The Shawnee Park Sports Complex and the Osage Park Community Centre will be built.
The Cape Girardeau City Council just hasn't decided how it will pay for them.
City staff had proposed the council authorize the spending of an additional $1.1 million to meet the total price tag of $5.3 million.
To do that, the city staff proposed issuing bonds that would be retired with excess revenue from the motel and restaurant taxes. A previous city council had committed to spending about $4 million in motel and restaurant tax money on the park projects.
But the current council voted 6-1 to table the added-spending plan after questions were raised Monday about some $225,000 in equipment and other items that weren't included in the construction contract.

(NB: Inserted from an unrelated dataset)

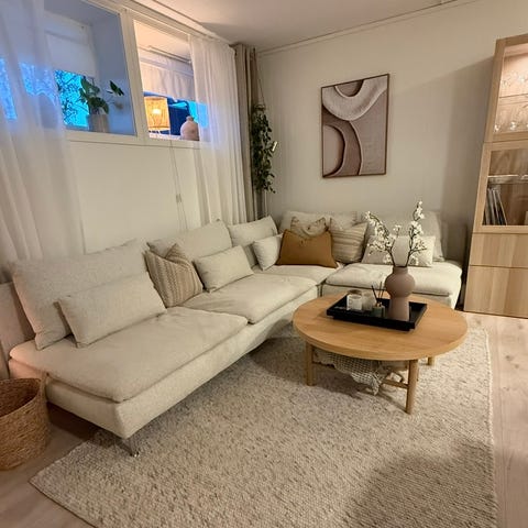 Søderhamn sofa med 3 trekk+ sjeselong og to armlener. Trekkene er i Viarp beige/brun, Tallmyra hvit/svart/grå og et i mørkegrått. Det mørkegråe selges ikke lenger på IKEA. Trekk til sjeselong er med kun i fargen mørkegrå, og heller ikke i fargen Viarp beige/brun til armlenene, men kan kjøpes på Ikea. En av hver glidelås på to sitteputer av de mørkegråe trekkene er i stykker, men går fint å bruke de allikevel.

The council said it would revisit the spending issue at its Nov. 20 meeting.
Mayor Al Spradling III voted against tabling the matter.
The council by the same vote then hired Penzel Construction Co. to build the sports complex and the community building at a cost of $4 million.
The city already has spent about $1 million on the projects. Most of that money went toward grading work under separate contracts.
Spradling questioned the council's action. "It seems kind of silly to authorize construction of this project when we haven't authorized any funding for it," he said.
But councilmen Melvin Gateley and Richard Eggimann insisted after the meeting that the work will be funded.
The councilmen said they only want to more closely examine some of the details of the contract, including the $225,000 in equipment.
Bob Hoppmann, chairman of the city's Convention and Visitors Bureau Advisory Board, said his board, which also has reviewed the project plans, wasn't contacted about the additional equipment in the contract.
Hoppmann said a number of questions about the work remain unanswered, including who will manage the community building and how much it will cost.
But he said the CVB board still wants the park projects to proceed.
Jay Knudtson, chairman of the city's Parks and Recreation Advisory Board -- another group involved with the development plans -- also urged the council to move ahead with the projects.
Knudtson said it has been "a huge battle" just to get the projects to the construction stage.